Because parentheses have this special meaning items such as P element names or aberration names that contain parentheses should be surrounded by quotation marks when they are used in queries. The other boolean operation is XOR which is the exclusive or condition. If you desire either A OR B, but not both (A AND B) then this is the operator to use.
Value fields can accept two types of wild card symbols. An asterisk * designates a string of any length. A question mark ? designates any single character in that position.

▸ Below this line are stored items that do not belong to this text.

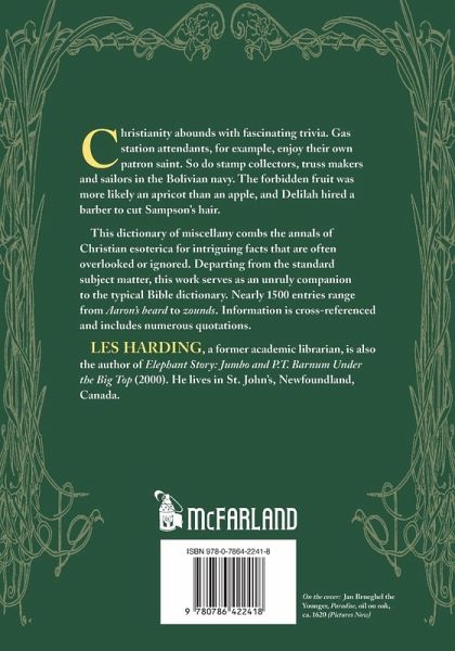 Christianity abounds with fascinating, little-known trivia. Gas station attendants, for example, enjoy their own patron saint. So do stamp collectors, truss makers and sailors in the Bolivian navy. Jesus and Judas were common names in the biblical period, and Jesus of Nazareth had a brother named Judas. The forbidden fruit was more likely an apricot than an apple, and Delilah hired a barber to cut Sampson's hair. This dictionary of miscellany combs the annals of Christian esoterica, offering the most intriguing facts that are often forgotten, overlooked or ignored. Departing from the standard subject matter, this work serves as an unruly companion to the typical Bible dictionary. Nearly 1500 entries range from Aaron's beard (a popular name for Saint John's wort) to zounds (an antiquated Christian swear word). Information is cross-referenced and includes numerous quotations.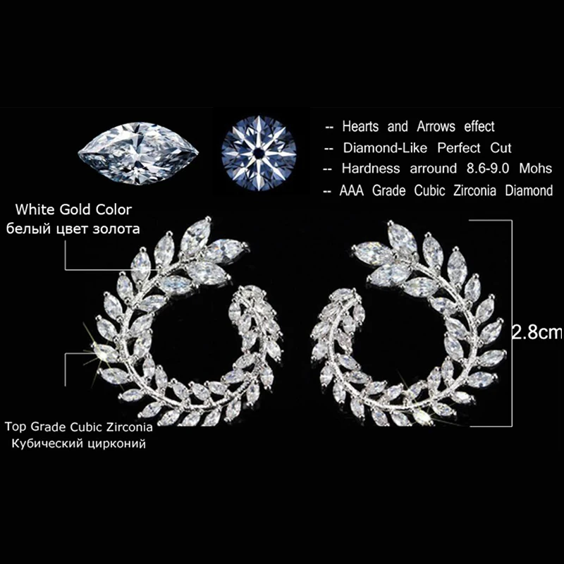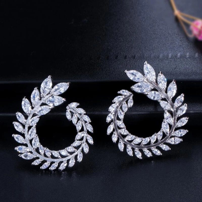 ZN Новый Блестящий лист оливковой ветви в форме огранки маркиза большие серьги с цирконием кубической огранки для женщин модные ювелирные изделия подарки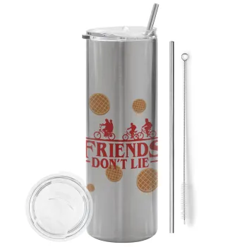 Friends Don't Lie, Stranger Things, Tumbler ποτήρι θερμό Ασημένιο από ανοξείδωτο ατσάλι 600ml, με μεταλλικό καλαμάκι & βούρτσα καθαρισμού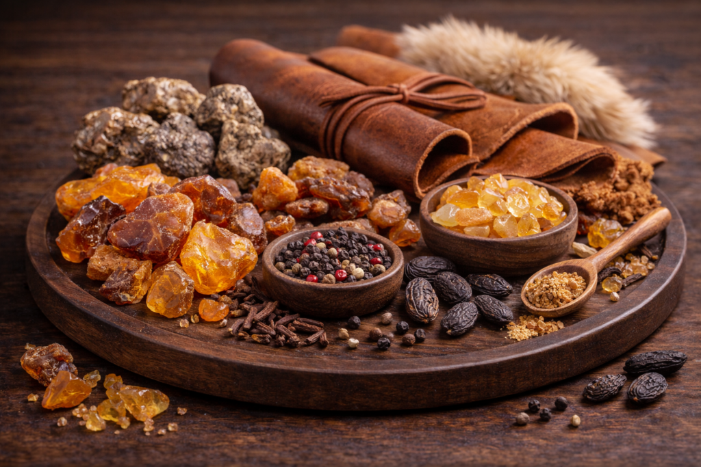 Meripihka, myski, tonka, bentsoe, nahka, hartsit.

Some tags are further divided into subtags. For example, the Name tag in the Gene Class has the subtags 'Symbol' and 'FlyBase_ID'. For a search based on the presence or value of a subtag, both the tag and the subtag must be specified, with the subtag prefaced by a # sign. For instance, if you wanted to find gene with the FlyBase_ID FBgn0000075 you would type: Find Gene Name # FlyBase_ID = FBgn0000075.
Some tags are vectored, that is, a series of values may lay to the right of a single tag. For example, the Polytene tag in the P1 Class is followed by two values indicating the starting and ending in situ chromosomal assignment for that clone (e.g., Polytene 37C2 37C5). The NEXT operator is used to move the search in such vectored tags.

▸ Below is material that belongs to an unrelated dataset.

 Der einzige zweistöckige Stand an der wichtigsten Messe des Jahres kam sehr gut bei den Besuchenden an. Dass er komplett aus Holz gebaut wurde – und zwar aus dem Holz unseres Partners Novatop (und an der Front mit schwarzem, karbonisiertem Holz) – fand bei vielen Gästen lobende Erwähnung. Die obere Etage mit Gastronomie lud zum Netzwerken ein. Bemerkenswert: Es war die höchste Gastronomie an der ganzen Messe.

It is also sometimes useful to check the same value more than once. The HERE operator allows you to do this. It indicates that another criteria should also be applied to the same value just tested.
If you use a semi-colon ; as the ending punctuation for a query you can add further queries after the semi- colon. In this way the results of one query become the keyset for the next query.
For searches based on the number of a particular tag that exist, rather than the values of the individual tags, you use a count operator. For example to find all the contigs that have more than 10 STS in them you would type Find Contig STS Count > 10.
The Follow operator allows you to do a particular type of combined search in which you use the attributes of one class to select a subset of another class. In contrast, in a normal combined search you are simply applying additional criteria to further define a subset of one class. The use of the Follow operator is illustrated by a query designed to identify all the P elements that fall in the 30C to 30F chromosomal region. This query uses information stored in both the P_element and Chrom_Band classes. To find all the P_elements that fall in the 30C to 30F region, you will first query the Chrom_Band class to select all the chromosome bands that fall between 30C and 30F. Then you will look in the data stored about each of those chromosome bands to see which ones have P elements. The simple query 'Find Chrom_Band Contained_in >=30C & Contained_in <= 30F' would give you a list of all the chromosome bands in this genomic interval. The query ''Find Chrom_Band Contained_in >=30C & Contained_in <= 30F & P_elements' will give you a list of those bands in which a P element has been identified. However you want a list of the P elements, not a list of the bands. The chromosome band records have tags that point to the P elements and you can follow that tag using the Follow operator using the query 'Find Chrom_Band Contained_in >=30C & Contained_in <= 30F; Follow P_elements'. The result is the desired list of P_elements that map to the 30C - 30F chromosome region.
After you collect a number of keysets using queries you may want to view the commonalties or differences between them. The keyset menu provides you with a set of options for combining keysets. As in a Venn Diagram, you can get an intersection of two keysets (Intersection of keysets), the union (Union of Keysets), all items that are in one or the other but not both (Difference of Keysets), or a combination of what is exclusive to each (Union But Not Intersection of Keysets).